Psychologists define learning as a relatively permanent change in behavior, knowledge, capability, or attitude that is acquired through experience and cannot be attributed to illness, injury, or maturation. Several parts of this definition warrant further explanation. First, defining learning as a "relatively permanent change" excludes temporary changes that could result from illness, fatigue, or fluctuations in mood. Second, limiting learning to changes that are "acquired through experience" excludes some readily observable changes in behavior that occur as a result of brain injuries or certain diseases. Also, certain observable changes that occur as individuals grow and mature have nothing to do with learning. For example, technically speaking, infants do not learn to crawl or walk. Basic motor skills and the maturational plan that governs their development are a part of the genetically programmed behavioral repertoire of every species. The first kind of learning we'll consider is classical conditioning.
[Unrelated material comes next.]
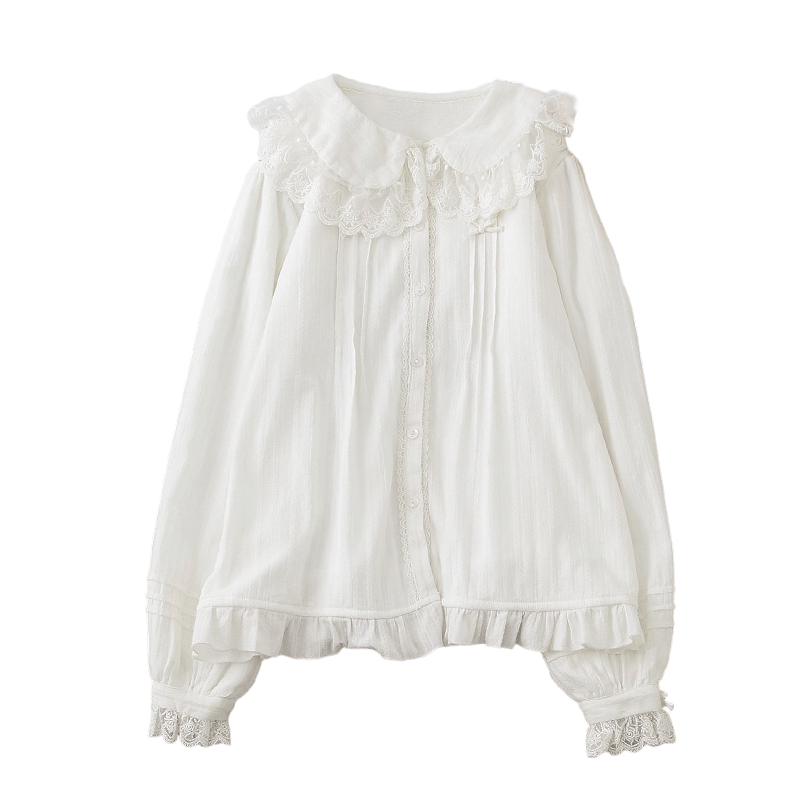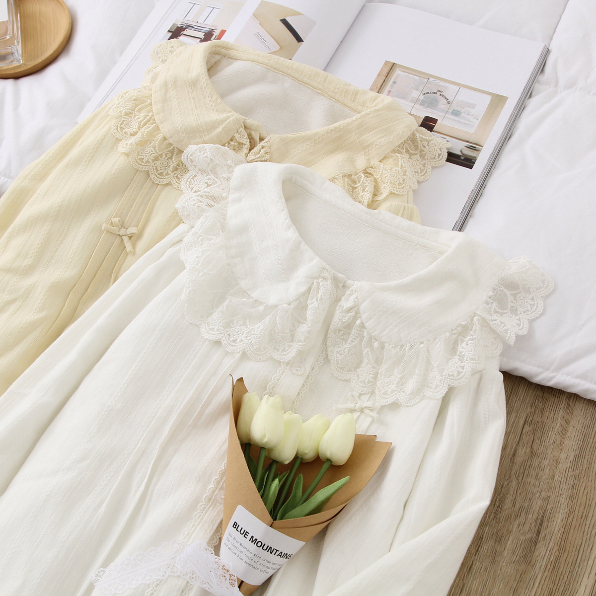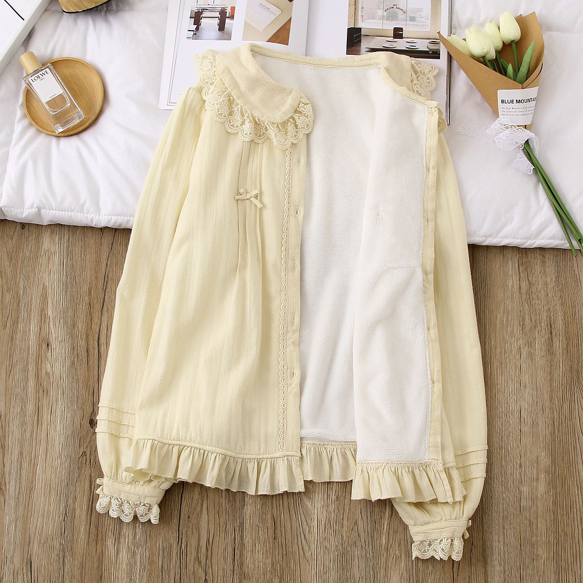 减龄日系娃娃领长袖蕾丝宫廷风甜美衬衫加绒加厚白色衬衣女蝴蝶结

Now that we have a scientific definition of learning, let's look at two important terms: stimulus and response. In order to understand the following sections on classical and operant conditioning, it is important that you become familiar and.
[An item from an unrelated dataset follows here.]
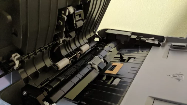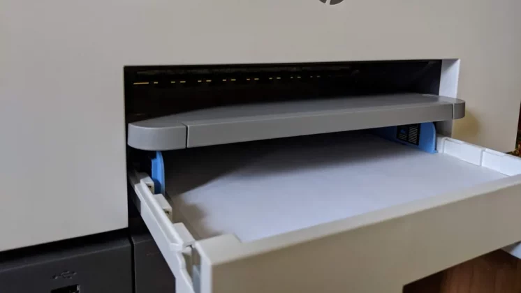 Системы подачи бумаги — не единственная область, которой здесь уделено внимание. Само устройство, кажется, создано для того, чтобы поместиться практически на любом столе. Отчасти это достигается за счёт необычного лотка для бумаги на 150 листов, который выступает вперёд, позволяя сделать принтер ниже, чем другие.

comfortable with these two scientific terms. A stimulus is anything that comes in through your senses. It could be something simple like a smell, a light, a bell, or a tone. There are also complex stimuli like the contents of a book or lecture.
In psychology, we usually study simple stimuli. Responses can also be simple or complex. A response is anything that goes out through your muscles-anything you do. The responses we study in psychology also tend to be simple ones like blinking, salivating, or pressing a lever. In real life, we make complex responses when we drive to work, or read a book. Scientists often study limited situations in the laboratory.